Home > Other > Tooth and Nail > Page 15
Tooth and Nail Page 15

by Linda D. Dahl


  We got our drinks and made small talk until the appetizers came. Once the waiter set down the calamari, all talk of me stopped. We were on to the main event.

  He told me he had worked as a matchmaker for four years for one of the promoters. He was the one who arranged the bouts, sizing up the boxers to match their records evenly. That was why he knew all the fighters so well. He was appointed chairman of the commission by the governor almost three years prior and had already made ballsy calls, like suspending a very famous fighter. “He couldn’t defend himself in his last fight. I wasn’t gonna let him get hurt, not like that,” he said, through swallows of bread. “I’m cleaning up the commission. They used to have seventeen fights a year, and now we have over thirty. And no one’s gotten hurt.”

  He continued, telling me how he was a cabbie, then a traveling salesman. At one point, he had enrolled in but never finished law school. He even tried his hand as a ring announcer. “I know everything there is to know about boxing. I want to bring the glory back to New York.” He spoke slowly and carefully, eagerly asking, “What?” every time I mumbled an affirmation. His hearing was a lot worse than he would admit. And it was most obvious in this quiet restaurant, as he struggled to read my lips.

  “But all sports, they are like theater. A fight, when you see it live, is like a play. What happens in that ring only happens once. Maybe that’s why I write plays. I’ve written lots of them. I’m a dramatist. I see the drama in things,” he said, placing a finger on his chin.

  “The play I’m staging now is called Huckleberry’s Garden. It’s about a fireman who lets his captain burn in a fire. He’s haunted by the death, and the other guys in his company want revenge.” Without warning, his face contorted into a different character than the one he was playing for me. He looked off into the distance and broke into dialogue.

  ‘Huckleberry, you let ’im die! He coulda lived.

  I didn’t, I didn’t know. I tried ta go back...

  What kinda man does that?

  The place was goin’ down! It was him or me...’

  He went on like that for a full three minutes.

  “And then there’s a rookie firefighter, Debbie Mansfield, who’s so sexually aggressive she can’t control herself. You know women like that.” I didn’t know any women like that. “She goes after one of the guys, and he has to fight her off.”

  His voice rose an octave.

  ‘I want you now, right now. I don’t care who hears.’

  Then back to his deeper voice.

  ‘I’m a married man. Stop clawing at me, you wretch.’

  He continued, speaking the words in a Brooklyn dialect more exaggerated than his own. The dialogue was so stereotypical, and the subject matter so unbelievable, I could hardly bear to listen. I wished my brain could stop hearing his words.

  “What did you think? It’s great, isn’t it?”

  “Oh, yeah. Amazing. You are so, um, multifaceted,” I lied. By his enthusiasm, it was clear that no one had told him what they really thought of his work. I wasn’t going to be the first.

  Our meals came, and he filled himself with another glass of wine and kept talking. “I grew up in Florida until I came back to Brooklyn as a teenager. David Dunkelberger, that’s my real name. I changed it when I went into broadcasting. They already had a David Davidson, and I couldn’t use Dunkelberger. No way.” He shook his head at the audacity of such an ethnically placeable name. “So I created my own.” He smiled at his creativity.

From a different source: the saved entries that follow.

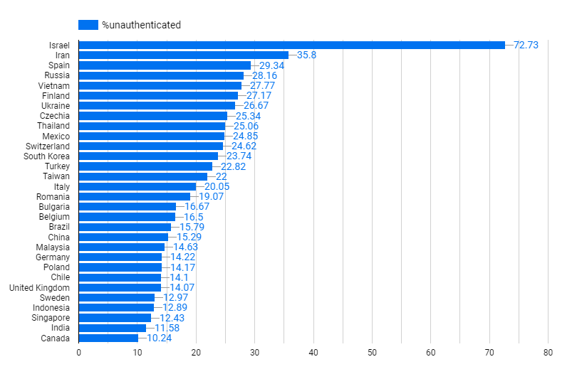 By looking at countries with more than 100 Redis services, we can visualize what regions of the world have the highest percentage of misconfigured Redis installs. In the graph below, we see that while the country of Israel only has 187 Redis services, but over 72% of them lack authentication. Israel is one of the only regions where the number of misconfigured Redis servers outnumber the properly configured ones.
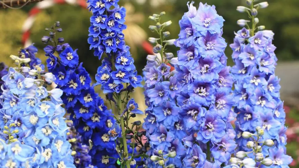 - Ostróżki (Delphinium): Wysokie rośliny z kwiatami zebrane w groniaste kwiatostany. Kwitną w czerwcu i lipcu.
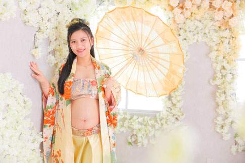 Ai Matsusaka's photo studio in Yokohama offers you maternity photo sessions and newborn photo sessions as well, both with the Kimono outfits
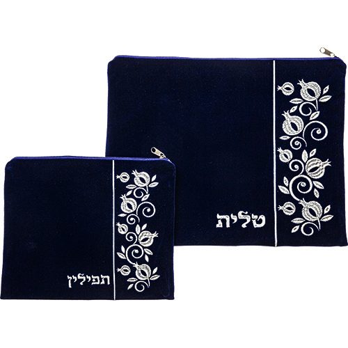 תיק לטלית ותפילין מקטיפה כחולה כהה עם רקמת רימונים כסופה
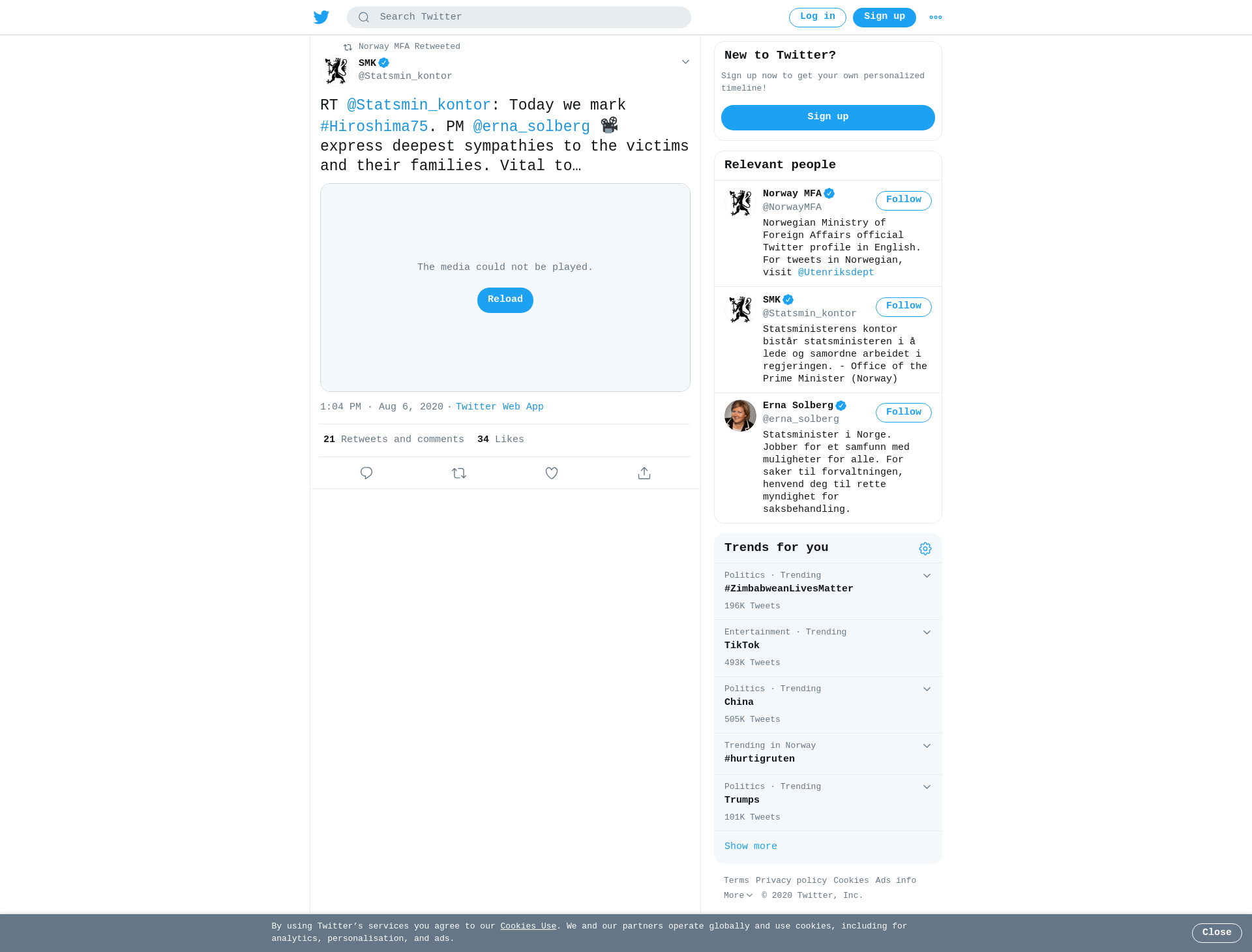 RT @Statsmin_kontor: Today we mark #Hiroshima75. PM @erna_solberg 📽 express deepest sympathies to the victims and their families. Vital to ensure continued global commitment to the Treaty on the Non-Proliferation of Nuclear Weapons #NPT https://t.co/ZeVah6UzUX

  Somehow the conversation turned the corner into the dark alley of his childhood. He paused midsentence, suddenly overtaken with emotion. The tears came.

  The subject matter had segued into something much too heavy for spaghetti Bolognese. I tried to steer the subject elsewhere, but he returned to his family. I could tell he was no longer aware of me, too trapped in his pain.

  He kept talking. There was a girlfriend, who was also a witch. She cast spells to make him stay with her. She also gave him inspirations for his plays.

  “I was married once, but we didn’t have children,” he said. “She was a good woman; it just didn’t work out,” he said, now four Merlots deep. “Trust me, I’ve had a lot of girlfriends. I have no trouble with women. But eventually, I lose interest. I’m very picky.” He stopped. After nearly two hours of stories and talking and emoting, I prayed that we had finally come to the finale. And we had. Just not the kind I was hoping for. “I knew, the minute I laid eyes on you, that you could be The One.”

  How had I not seen that coming? I thought I was just being polite, lending an ear, doing what I did when my patients needed to let it all out. We were colleagues, and it wasn’t like I could have stopped him with all the waterworks and vomiting up of family secrets. I desperately wished I could go back to Before. To unhear his confessions and unknow his stories.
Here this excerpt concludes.